ポアシェミ国の警察や軍は、要人救助を試みて失敗してしまい、結果として要人を含め、要人を誘い出す為に取られた人質数十人全員が死亡したと言う。
このシャジルスオンのメンバーは地下や国外に上手に身を隠し、また他の犯罪組織が保護するので、
暗殺を指示した首謀者を含めた人間の特定は容易ではなかった。
「酒呂機関長。テロリストメンバーの周りには様々な人間がいる。家族や恋人、ボディガードに使い走り……空気生物対策をしている各国と連携を取り、まずはその人物を誰でもいいから捜し出し、近付いて、最終的には壊滅させてくれ。この作戦は以後『幻の貴婦人』と言う異名をとる事にする」
滅多に顔を合わせない上の人間の使いが酒呂の元へ来て、他にも特殊任務を言い渡した。
更に、磯砂角蔵首相からも連絡が入る。
「君達への警告をまず一つ思い出した。空気生物による空気の汚染度1080空気値を上回ると人は死ぬ。汚染数値は上がる一方だ。そんな場所に私は、君達を送り込むのだ」
酒呂より磯砂首相の言葉を受けたラルイートや彩橋含めた幹部の誰もが、忙しく危険になるな……と予感した。
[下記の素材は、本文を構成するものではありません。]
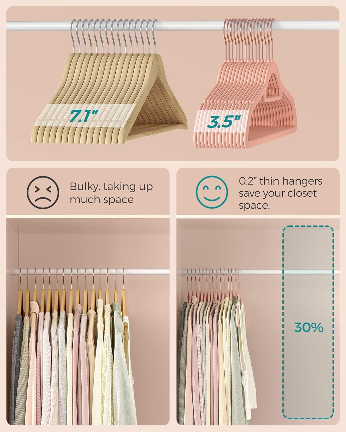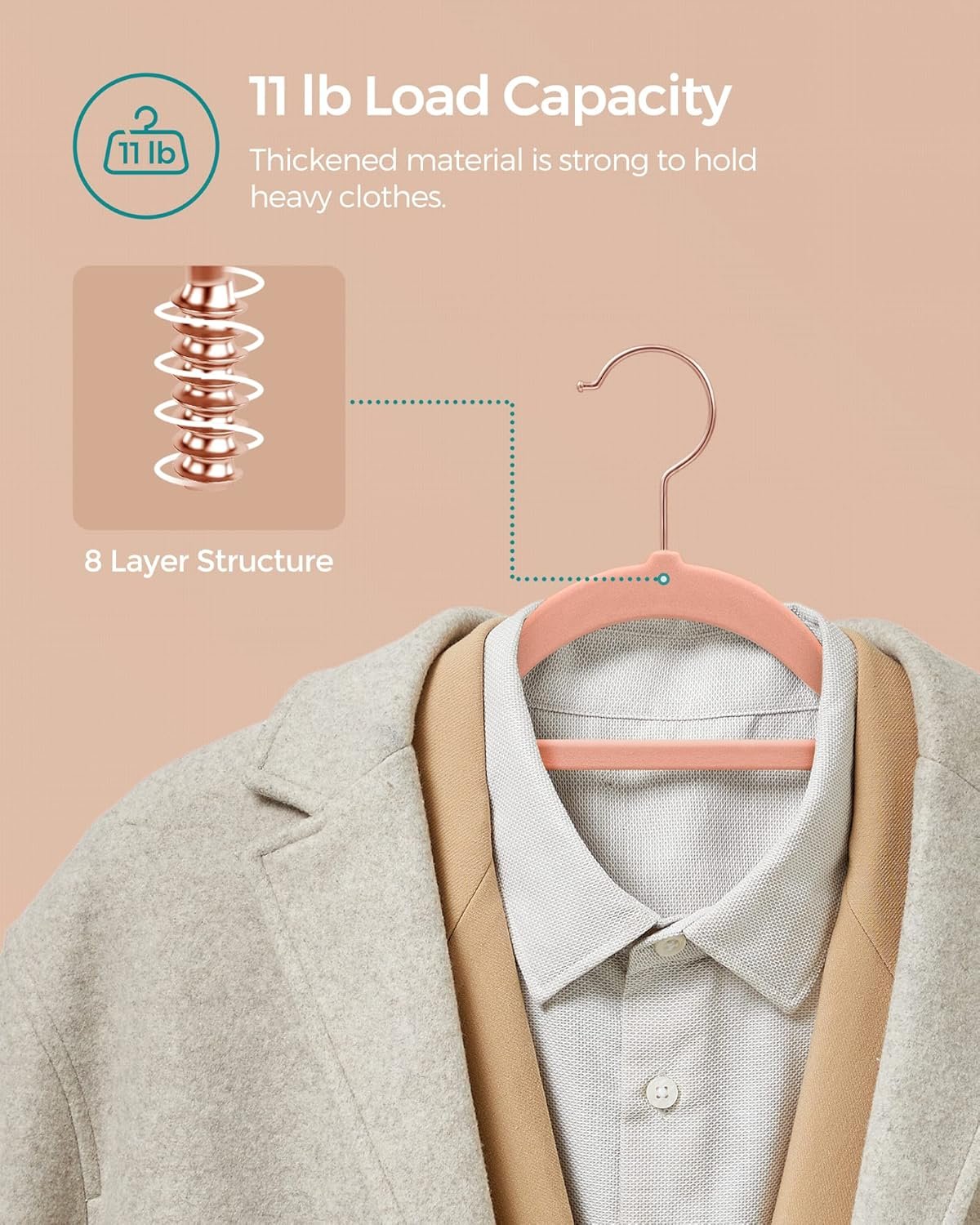 Compared to popular alternatives like Amazon Basics Slim Velvet Hangers and Zober Rose Gold Hangers, the SONGMICS option stands out for its consistent quality control and eye-catching coral pink finish. While Amazon Basics offers similar space saving, it lacks the vibrant color options and sometimes uses a less durable ABS core.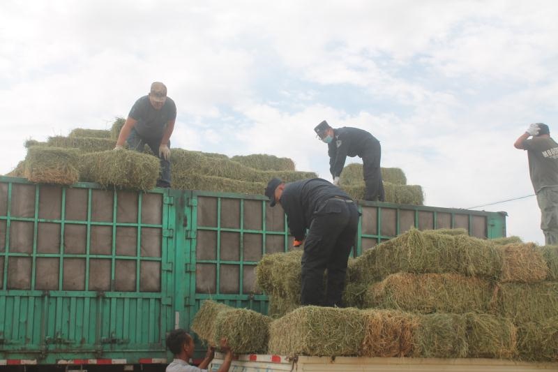 今年以來,內(nèi)蒙古自治區(qū)西部的阿拉善盟持續(xù)高溫少雨,阿拉善左旗蘇宏圖地區(qū)草場退化嚴(yán)重,駝、羊等牲畜草料嚴(yán)重匱乏,影響了牧民正常生產(chǎn)生活。8月9日,從甘肅省購置的草料順利抵達(dá)蘇宏圖,但是由于缺少精壯勞動力,牧民們望著一車車救命的草料卻犯起了難。正當(dāng)大家一籌莫展之際,派出所聞訊組織6名民警組成黨員先鋒隊(duì)投入勞動,經(jīng)過3天的努力,成功將70噸1200捆草料分裝到牧民車上,受到群眾的一致好評。(牛鑫 肖鵬 梁鎮(zhèn))

樹子が空気生物対策部隊に正式に配属された後しばらくして、機関長より、戦闘部隊員及び関連機関にサフォイ国から小規模援軍要請の依頼があったと発表され、樹子はラルイートを指令官とした援軍メンバーに選ばれた。
後援部隊として選ばれた彩橋や江菜と共に赴く事になったサフォイは、昼間だと言うのに、住民の姿が見えない。
現地の部隊から、空気生物が確認されているサフォイの基地に、逃げ遅れて閉じ込められた兵士含めた関係者が数十人おり、連絡が全くつかないと知った。
ラルイートは、空気生物に乗っとられた者が既に出ており、その人物の仕業だと確信し、彩橋と共に生存者救出及び空気生物殲滅の難航を覚悟した。
サフォイ軍責任者ファンストニーとラルイートから指示を受けた部下は超小型の昆虫型ロボット(センサーで感染者や非感染者の判別が可能)を操作してサフォイ基地の地下通路を進み、会話を盗聴する。
それによると奴らは頭上を警戒していた。
信じがたい事に、この作戦を立てていたのはシャジルスオンから派生した魅音瞬委員会のようだった。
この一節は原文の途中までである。